## Your assignment
The records below need to be repeated exactly, though not their pictures.

[Stored items from a collection]
────────────────────────────────────────
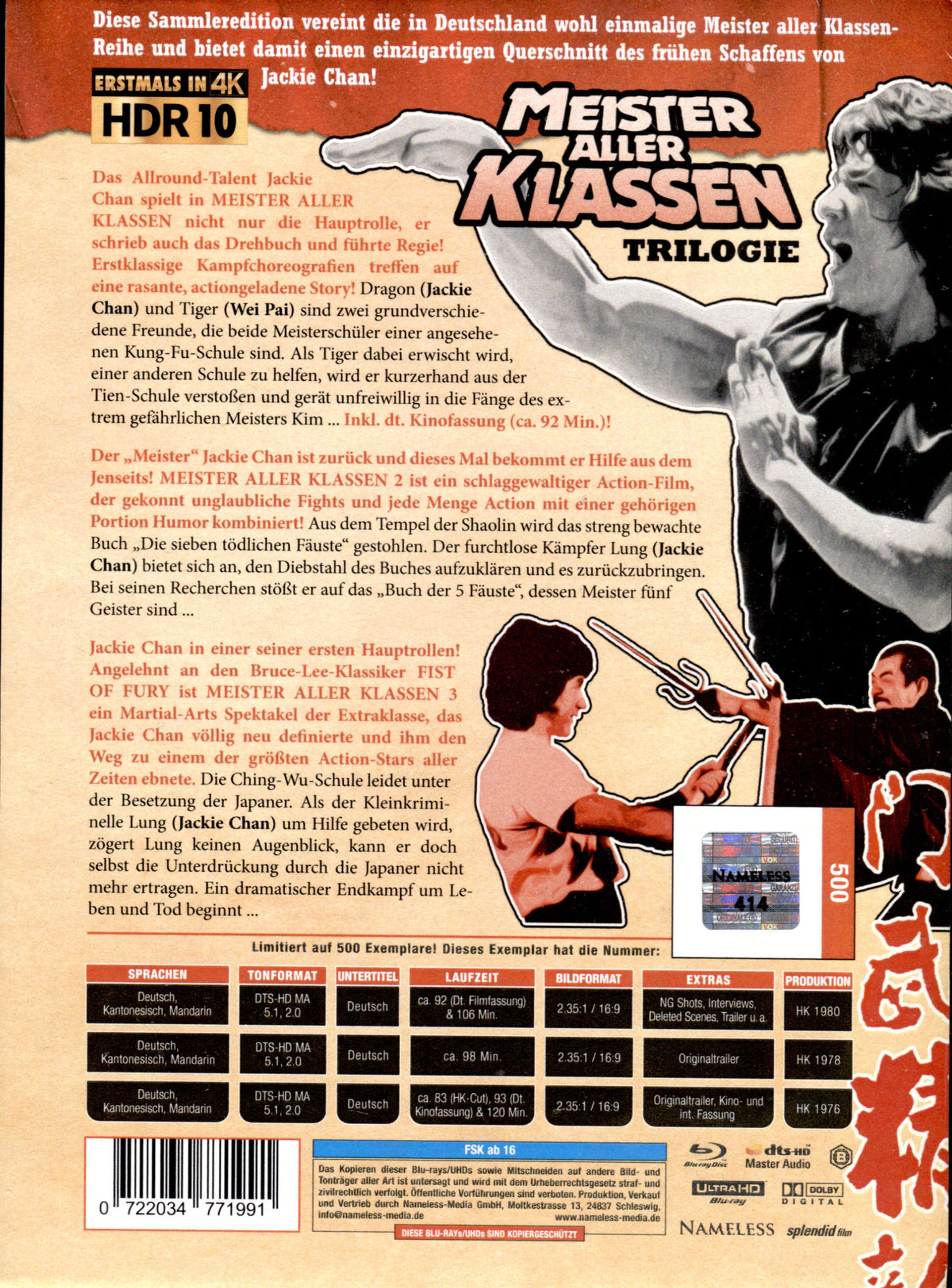 Meister aller Klassen 3 Jackie Chan in einer seiner ersten Hauptrollen! Angelehnt an den Bruce-Lee-Klassiker Fist of Fury ist Meister aller Klassen 3 ein Martial-Arts Spektakel der Extraklasse, das Jackie Chan völlig neu definierte und ihm den Weg zu einem der größten Action-Stars aller Zeiten ebnete. Die Ching-Wu-Schule leidet unter der Besetzung der Japaner. Als der Kleinkriminelle Lung um Hilfe gebeten wird, zögert Lung keinen Augenblick, kann er doch selbst die Unterdrückung durch die Japaner nicht mehr ertragen. Verbissen organisiert er den Widerstand und kämpft unerbittlich gegen seine Feinde. Mit seiner einmaligen Kung- Fu-Kampftechnik schaltet er einen Japaner nach dem anderen aus, bis er schließlich auf ihren Anführer trifft. Ein dramatischer Endkampf um Leben und Tod beginnt ...
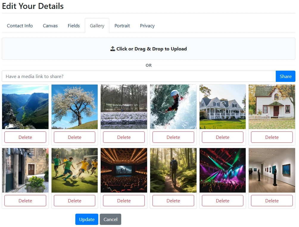 We're not done yet. Field edit of galleries is also now available. If your gallery field is configured to display on profile edit then your users can now conveniently upload and manage their media directly from profile edit.
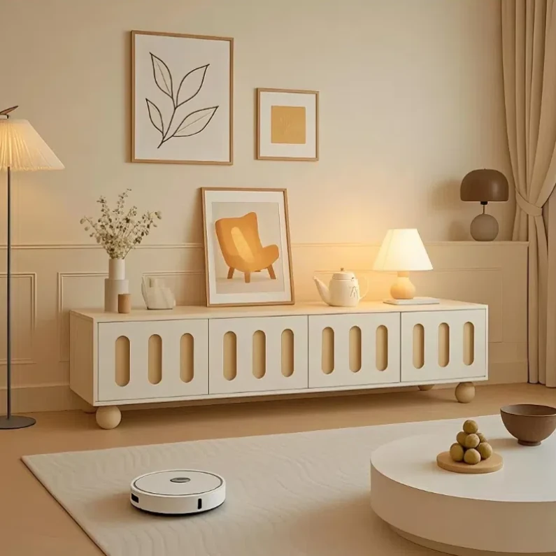 Stylish Cream-Colored TV Cabinet with Storage for Small Spaces - 2025 New Minimalist Floor TV Stand for Living Rooms
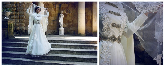 После учебы времени на коллекции не было, но в прошлом году я решила принять участие в Евразийском конкурсе этнического костюма «Этно-Эрато». Это была коллекция в рок стиле, хотелось показать, что карачаево-балкарские орнаменты легко внедрить в любой стиль и использовать любую технику: это были и заклепки, и стальные молнии, и кожа с пайетками, и кружево, в то же время, образы оставались очень женственными.
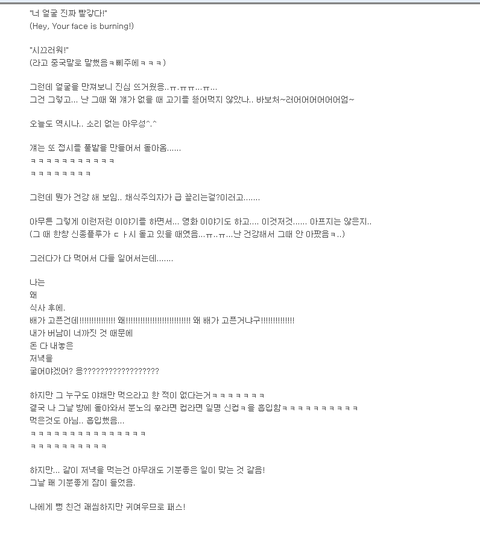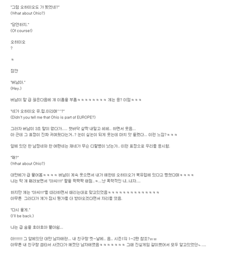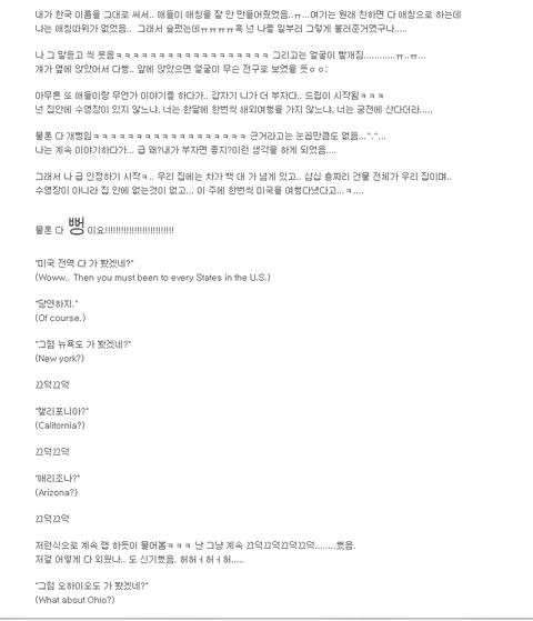 안녕하세요 , 긴글은 미쿡언니의 캡쳐본을 들고오고 짧아서 제가 타이핑할수있는것들은 타이핑해서 가져오겠습니다 !! 캡쳐하는 방법가르쳐주신 민드모아님감사드려요
────────────────────────────────────────
## Worked solution
 Meister aller Klassen 3 Jackie Chan in einer seiner ersten Hauptrollen! Angelehnt an den Bruce-Lee-Klassiker Fist of Fury ist Meister aller Klassen 3 ein Martial-Arts Spektakel der Extraklasse, das Jackie Chan völlig neu definierte und ihm den Weg zu einem der größten Action-Stars aller Zeiten ebnete. Die Ching-Wu-Schule leidet unter der Besetzung der Japaner. Als der Kleinkriminelle Lung um Hilfe gebeten wird, zögert Lung keinen Augenblick, kann er doch selbst die Unterdrückung durch die Japaner nicht mehr ertragen. Verbissen organisiert er den Widerstand und kämpft unerbittlich gegen seine Feinde. Mit seiner einmaligen Kung- Fu-Kampftechnik schaltet er einen Japaner nach dem anderen aus, bis er schließlich auf ihren Anführer trifft. Ein dramatischer Endkampf um Leben und Tod beginnt ...
 We're not done yet. Field edit of galleries is also now available. If your gallery field is configured to display on profile edit then your users can now conveniently upload and manage their media directly from profile edit.
 Stylish Cream-Colored TV Cabinet with Storage for Small Spaces - 2025 New Minimalist Floor TV Stand for Living Rooms
 После учебы времени на коллекции не было, но в прошлом году я решила принять участие в Евразийском конкурсе этнического костюма «Этно-Эрато». Это была коллекция в рок стиле, хотелось показать, что карачаево-балкарские орнаменты легко внедрить в любой стиль и использовать любую технику: это были и заклепки, и стальные молнии, и кожа с пайетками, и кружево, в то же время, образы оставались очень женственными.
 안녕하세요 , 긴글은 미쿡언니의 캡쳐본을 들고오고 짧아서 제가 타이핑할수있는것들은 타이핑해서 가져오겠습니다 !! 캡쳐하는 방법가르쳐주신 민드모아님감사드려요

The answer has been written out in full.